What the task asks
A faithful copy of every entry is the goal; keep the images out of it.
================
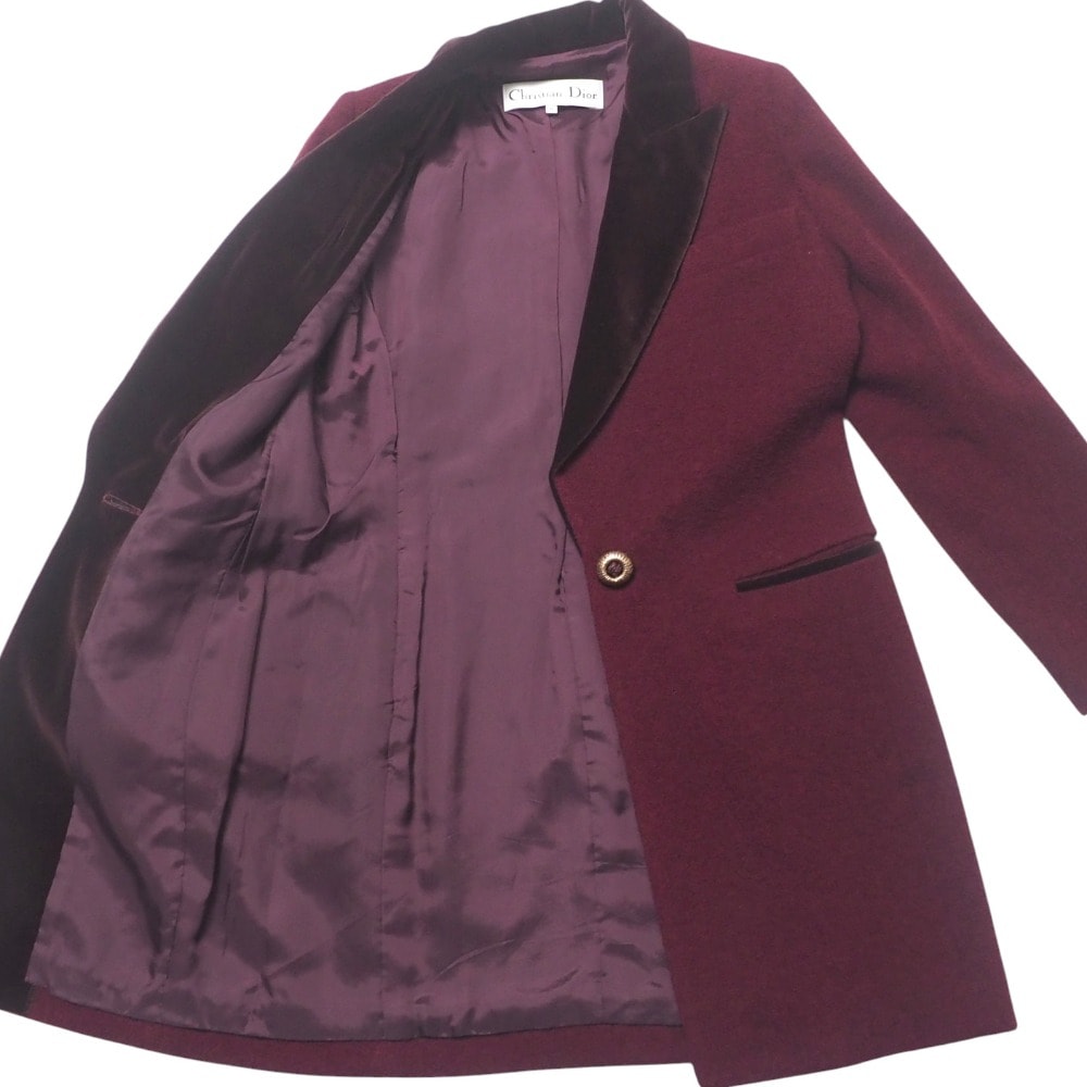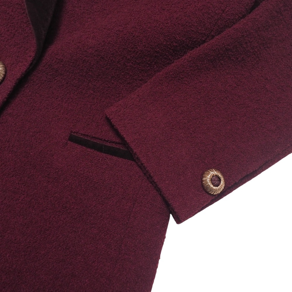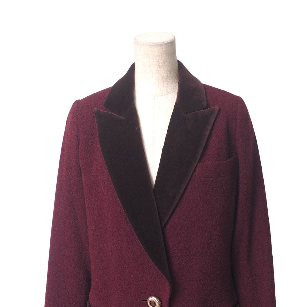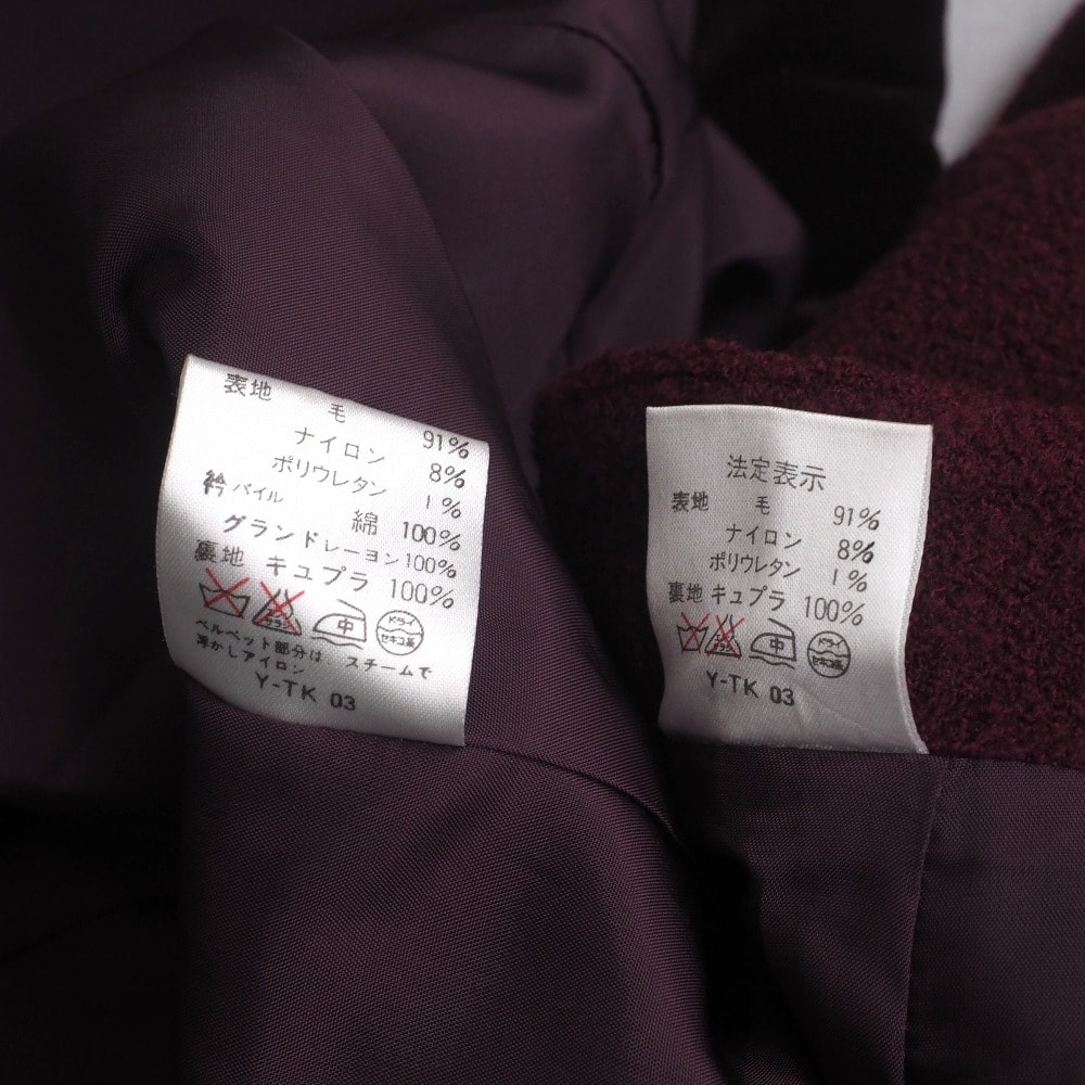 ウール91%ナイロン8%ポリウレタン1%、裏地:キュプラ100%、衿パイル:綿100% グランド:レーヨン100%
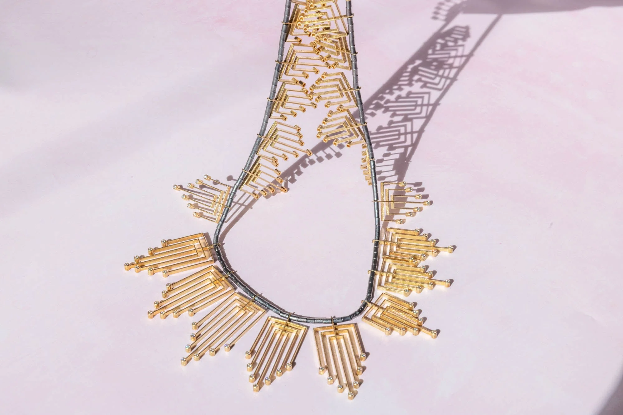 Beautiful hand fabricated bib necklace with white brilliant cut diamonds set in 18 karat yellow gold and patinated sterling silver.
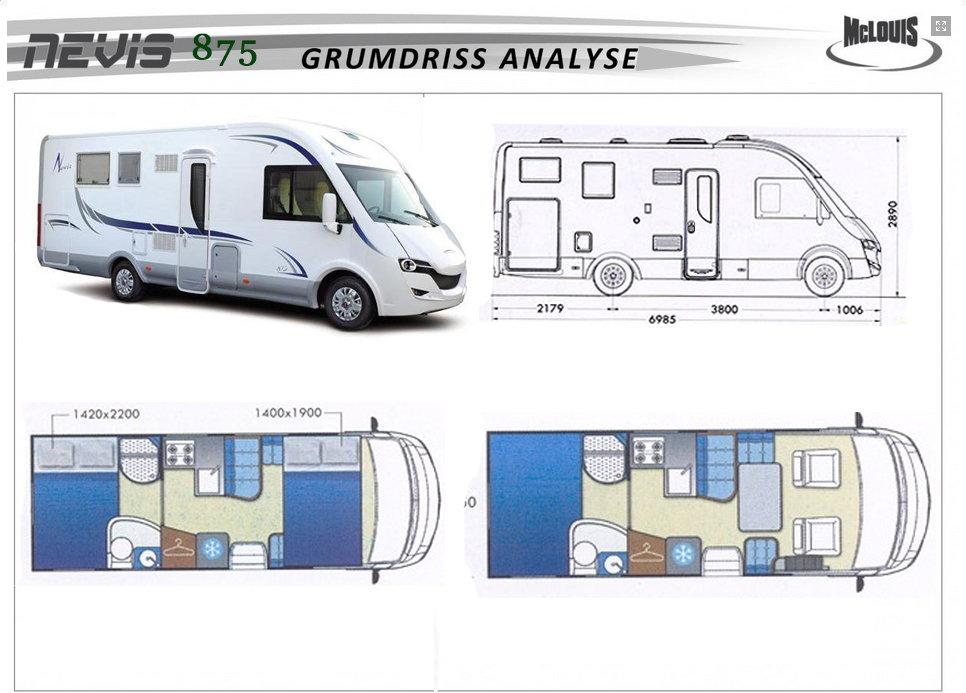Karavan - MCLOUIS - Nevis 80 GCelointegrovaný Fiat 2.3 150 PS Garáží, pro 4 osoby, 4 lůžka, do 3,5 tuny, s garáží Ceník podrobně =>>
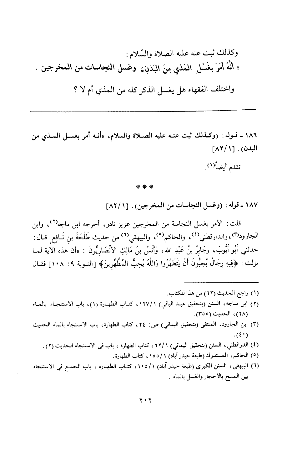 قلت: الأمر بغسل النجاسة من المخرجين عزيز نادر، أخرجه ابن ماجه، وابن الجارود، والدارقطني، والحاكم، والبيهقي من حديث طَلْحَةَ بنِ نَافِعٍ قال: حدثني أَبُو أَيُّوبَ، وجَابِرُ بن عَبْدِ الله، وَأَنَسُ بنُ مَالِكٍ الأنْصَارِيُّونَ: "أن هذه الآية لما نزلت: {فِيهِ رِجَالٌ يُحِبُّونَ أَنْ يَتَطَهَّرُوا وَاللَّهُ يُحِبُّ الْمُطَّهِّرِينَ} [التوبة 9: 108] فقال
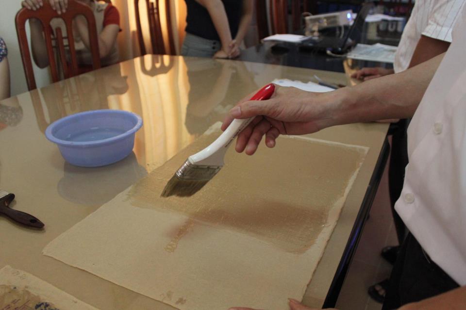 Một số hình ảnh viên chức thuộc Trung tâm Lưu trữ lịch sử thực hành các kỹ năng, kỹ thuật về nghiệp vụ bồi nền tài liệu lưu trữ nền giấy bằng phương pháp thủ công
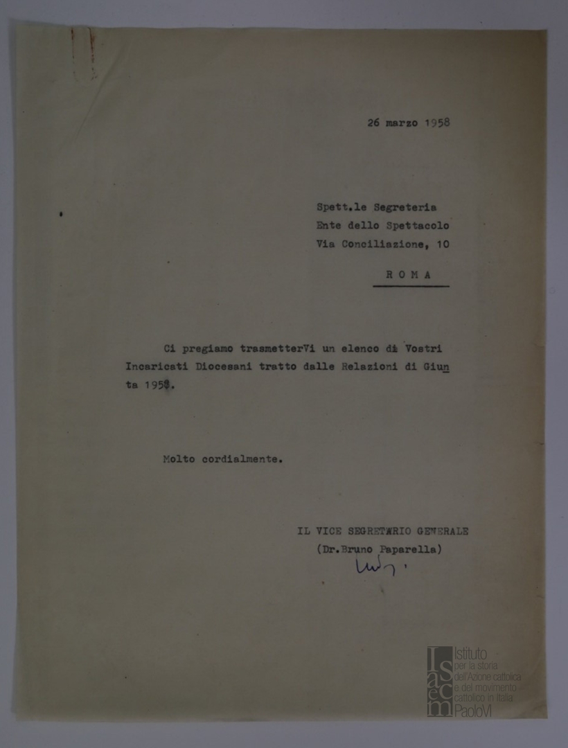 Elenco degli incaricati diocesani dell'Ente dello spettacolo tratto dalle relazioni di Giunta 1958
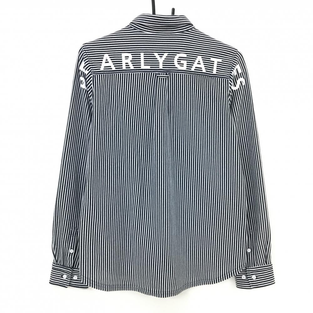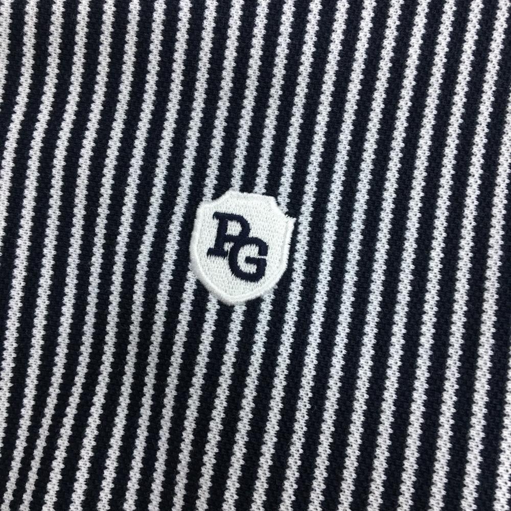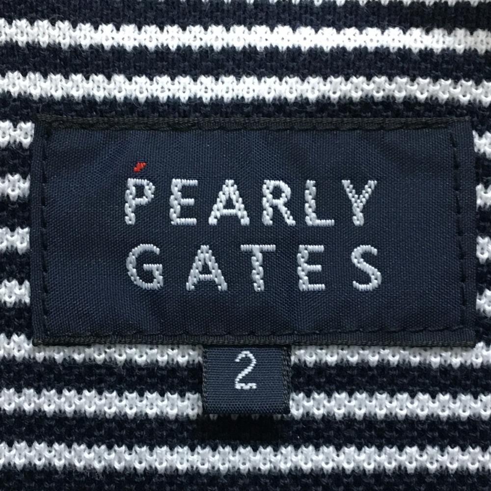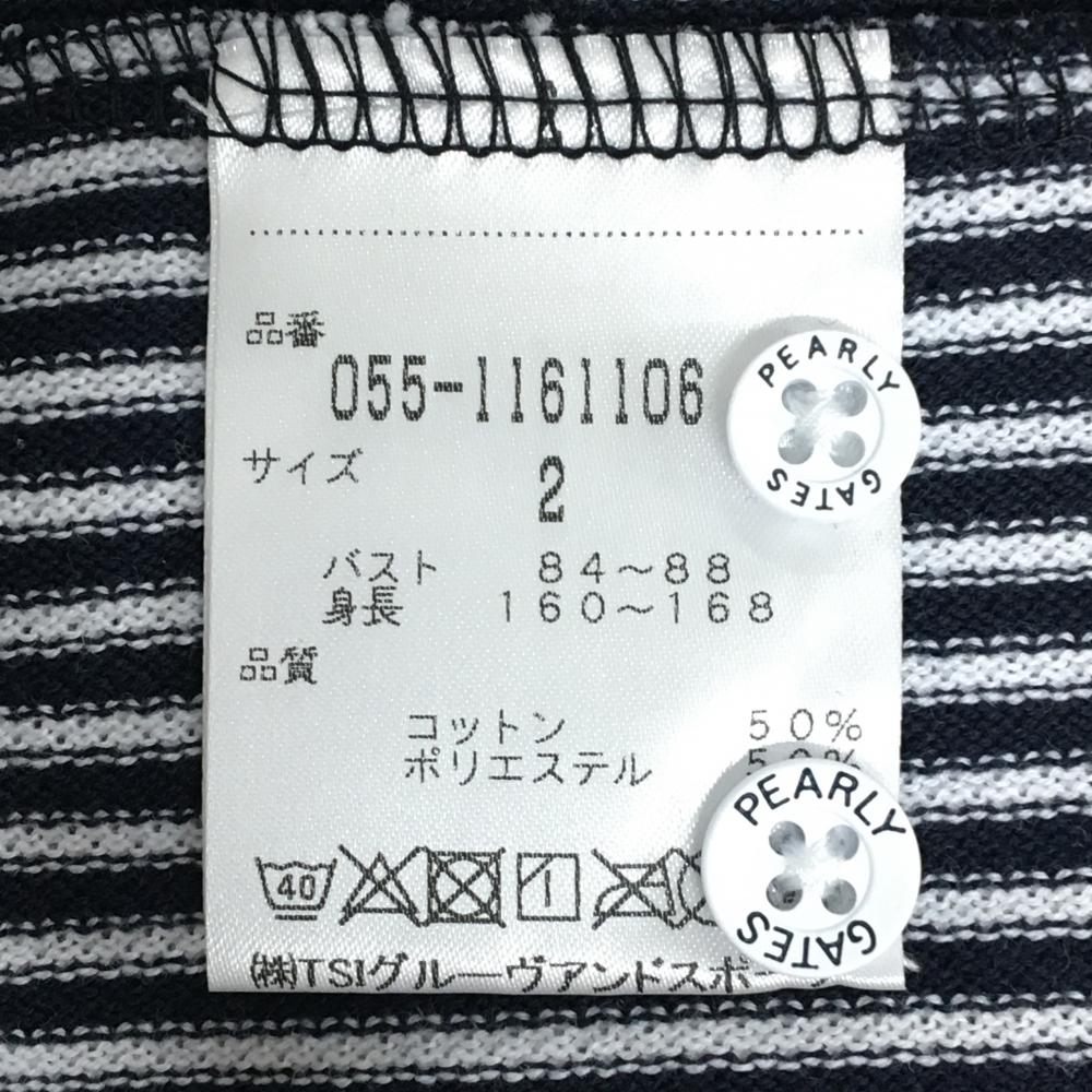 【超美品】パーリーゲイツ 長袖ポロシャツ ネイビー×白 ストライプ ボタンダウン レディース 2(L) ゴルフウェア PEARLY GATES
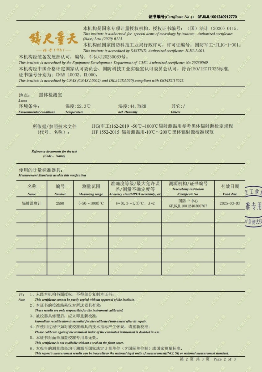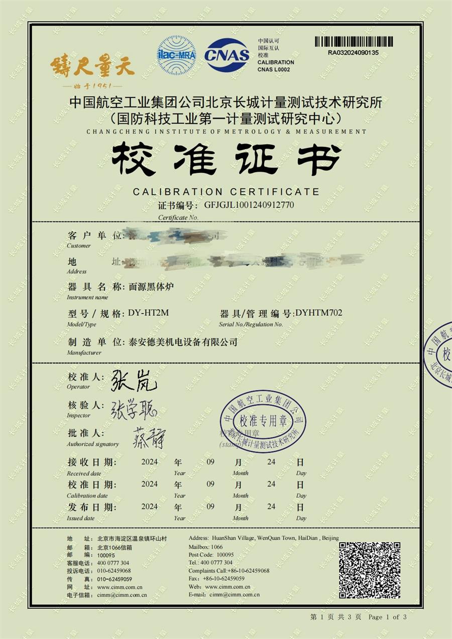 面源黑體爐(室溫+5-300℃)校準(zhǔn)證書 2024-10-17 本文被閱讀 6890 次
================
Task answer
 ウール91%ナイロン8%ポリウレタン1%、裏地:キュプラ100%、衿パイル:綿100% グランド:レーヨン100%
 Beautiful hand fabricated bib necklace with white brilliant cut diamonds set in 18 karat yellow gold and patinated sterling silver.
Karavan - MCLOUIS - Nevis 80 GCelointegrovaný Fiat 2.3 150 PS Garáží, pro 4 osoby, 4 lůžka, do 3,5 tuny, s garáží Ceník podrobně =>>
 قلت: الأمر بغسل النجاسة من المخرجين عزيز نادر، أخرجه ابن ماجه، وابن الجارود، والدارقطني، والحاكم، والبيهقي من حديث طَلْحَةَ بنِ نَافِعٍ قال: حدثني أَبُو أَيُّوبَ، وجَابِرُ بن عَبْدِ الله، وَأَنَسُ بنُ مَالِكٍ الأنْصَارِيُّونَ: "أن هذه الآية لما نزلت: {فِيهِ رِجَالٌ يُحِبُّونَ أَنْ يَتَطَهَّرُوا وَاللَّهُ يُحِبُّ الْمُطَّهِّرِينَ} [التوبة 9: 108] فقال
 Một số hình ảnh viên chức thuộc Trung tâm Lưu trữ lịch sử thực hành các kỹ năng, kỹ thuật về nghiệp vụ bồi nền tài liệu lưu trữ nền giấy bằng phương pháp thủ công
 Elenco degli incaricati diocesani dell'Ente dello spettacolo tratto dalle relazioni di Giunta 1958
 【超美品】パーリーゲイツ 長袖ポロシャツ ネイビー×白 ストライプ ボタンダウン レディース 2(L) ゴルフウェア PEARLY GATES
 面源黑體爐(室溫+5-300℃)校準(zhǔn)證書 2024-10-17 本文被閱讀 6890 次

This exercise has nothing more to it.